Si rivolge quindi alla creta duttile e plasmabile che si piega meglio all’irruenza che gli preme nell’animo e lo riporta a rintracciare il percorso della sua vita, delle sue gioie e dei suoi dolori, dei suoi affetti e delle sue denunce.

Nascono opere graffianti dove le figure, in gran parte della vita quotidiana, sono la vera rappresentazione di un popolo, quello di Napoli con le sue genialità, la sua filosofia, il suo arrangiarsi, il suo grande dolore e amore e la dignitosa povertà. Pulcinella appare spesso, sfuggito dalle mani dell’artista, appena abbozzato, come tante figure, ma non privo della sua personalità e voce che spinge a riflettere, immerso anche in un rimescolio di colori che gli offrono la terra rossa, la creta grigia, il caolino, la porcellana e il materiale refrattario.

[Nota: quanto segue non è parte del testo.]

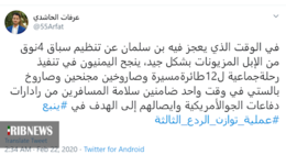 کاربری هم نوشت: «در شرایطی که بن سلمان از عهده سازمان دهی مسابقات شترسواری به خوبی بر نمیآید، یمنیها موفق میشوند پرواز گروهی همزمان ۱۲ پهپاد، دو موشک بالدار و یک موشک بالستیک را اجرا کنند و بدون آسیب دیدن در برابر رادارهای پدافند هوایی آمریکا به هدف در ینبع اصابت کنند.»
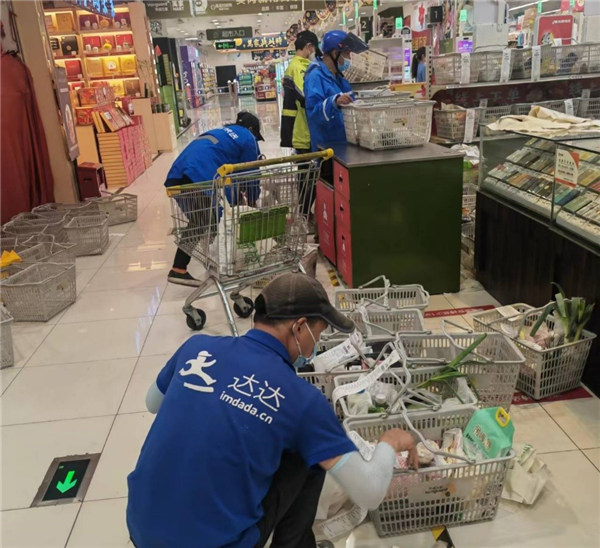 京東到家、小時購訂單量激增,工作人員正在揀貨配送。京東供圖

Qui si evince la vera maestria di Mendozza e ci si sofferma a soppesare i volumi delle sue opere, a ricercare il particolare dei volti dai tratti veloci che subito denunziano il loro stato d’animo.

A Sorrento, al Cinema Armida, Mario Mendozza, per un arco fuggente di una settimana, ha tenuto in esposizione alcune delle sue opere sguisciate fuori dagli ultimi materiali da lui usati, fra cui la ceramica in particolare. Figure ricche di pathos come i “Mangia maccheroni”, che con le grandi mani robuste trattengono il piatto di pasta, o la bella “Maternità” il cui amore verso il figlio è racchiuso nelle mani che si allargano e dilatano con infinita tenerezza per racchiudere meglio il pargolo.

Sorprende il visitatore il gruppo “Sintesi della vita” in ceramica caolina dove il dolore, la fatica dell’uomo, la rivalità, il peccato e il pudore trovano quiete in una figura di donna in attesa che, con una delicatezza incredibile, è venuta plasmata dalle mani nervose di Mario Mendozza perché non perdessero l’ispirazione del travaso della speranza nel futuro che si lega alla continuità della stessa vita.

Altra opera esposta è stata “L’evoluzione dell’uomo” che parte dalla scimmia, raggiunge l’homo erectus che prende il sopravvento sulla natura e su tutte le cose, procede nella configurazione della scienza e alla successiva robotizzazione per approdare al periodo atomico, dove l’artista plasma masse informi per evidenziare come l’uomo venga privato del ben più prezioso costituito da una natura non contaminata.

Mario Mendozza ha presentato anche alcuni quadri in cui esprime la sua capacità di coltivare il colore che, in un gioco cromatico soprattutto di seppia e di bianco, ricava con pennellate nervose e impetuose, figure in movimento, che sembrano quasi voler fuoriuscire dalla tela come nella ” Gara di motociclette” o nella “ Discoteca”. Ma attenzione in quel movimento palese tracciano la loro ombra la solitudine e l’incomunicabilità, che attanagliano il nostro secolo e specie i giovani preoccupati di bruciare le tappe e raggiungere in ogni modo traguardi che non offrono ideali e non contengono etiche motivazioni e soprattutto dimenticano i fondamenti della religione cristiana e lo stesso Gesù che offrì se stesso ad olocausto della salvezza di tutti gli uomini.